As a normal person going through your routine of everyday life, it is not necessary to recall every minute detail of your life for every moment. If we did that, our brains would probably explode.  That is where documentation comes into play.  For those details we don't use every day and cannot recall at a moment's notice, we have a documented record of it to remind us when it becomes necessary.  With the increased availability of online resources now, it has become even more accessible as a couple of clicks on a computer screen can bring up any piece of information we have collected (provided it has been digitized) and that makes life more manageable.  However, in many cases, forgetfulness is also a good thing - putting things in our memory archive within us means that they can no longer affect our quality of life, especially the negative things.  The memories are still there for sure, but they are just tucked away and we live our lives without needing to recall them.  That again is a mercy that supernatural grace gives us with our own cognitive abilities and limitations.  

That being said, not everything we forget is necessarily a bad thing - sometimes it is for the best.  So, as we continue our pilgrimage of life on this earth, let us learn to document what is important, not worry about what is not, and even with bad memories we often have good retrospection.  Thanks again for allowing me to share with you. 

Tuesday, August 19, 2025

Getting Back to Work

 I am sitting in the combination gymnasium/auditorium/cafeteria area of the high school I teach at, and we are on an extended lunch today during our faculty orientation week.  It is a bit to get back into the routine again after a two-month break, and actual class starts next week.  However, I am optimistic about the coming year.

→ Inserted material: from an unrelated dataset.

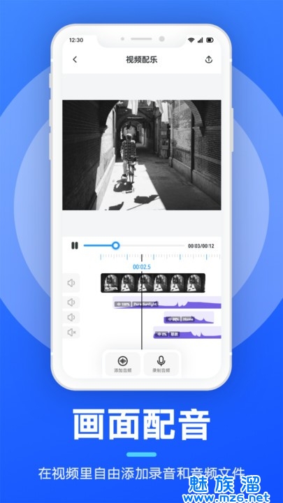 3、允许用户添加背景音乐、解释音频,并将音频调整到最佳音量和平衡。

I spent the first part of my extended lunch procuring my textbooks as well as making a visit across the street to the little Polish market - very interesting little store, and they have some of the best chocolates and cookies there, as well as a delicious barbecue seasoning that I have come to use on almost everything. It is a small indulgence to visit that market on lunch hours during a busy class day.  We are spending the week this week in some talks, a bit of relational activities, and some general onboarding for the coming year, and for the most part it is low-stress and actually quite pleasant.  It is also a way for those of us who are faculty to bond and come together informally, and that is nice too.  I wanted to talk a little about one of the relational activities though that was of tremendous interest, and it was sort of enlightening as well. 

The activity was led by the 9th-grade science teacher, and it had to do with contemporary kids' slang terms that to be honest I was not really all that familiar with.  For instance, how did I know that the word "tea" meant gossip, with "hot tea" being good gossip and "cold tea" being bad (what does "iced tea" mean, I wonder - that is worth exploring).  There are some terms I have some familiarity with, such as "ghosting," which is essentially a complete block or cancellation of someone, usually within the context of social media.  However, many of these terms are like speaking a new language - I can understand my Filipino friends speaking Tagalog or Visayan better than that actually.  I thought it worth mentioning because every generation has its slang terms they use - for Gen-X the words "chill" and "crusty" were some of our most-utilized phraseology.  However, to previous generations the current lingo may be a bit of an adjustment to understand.  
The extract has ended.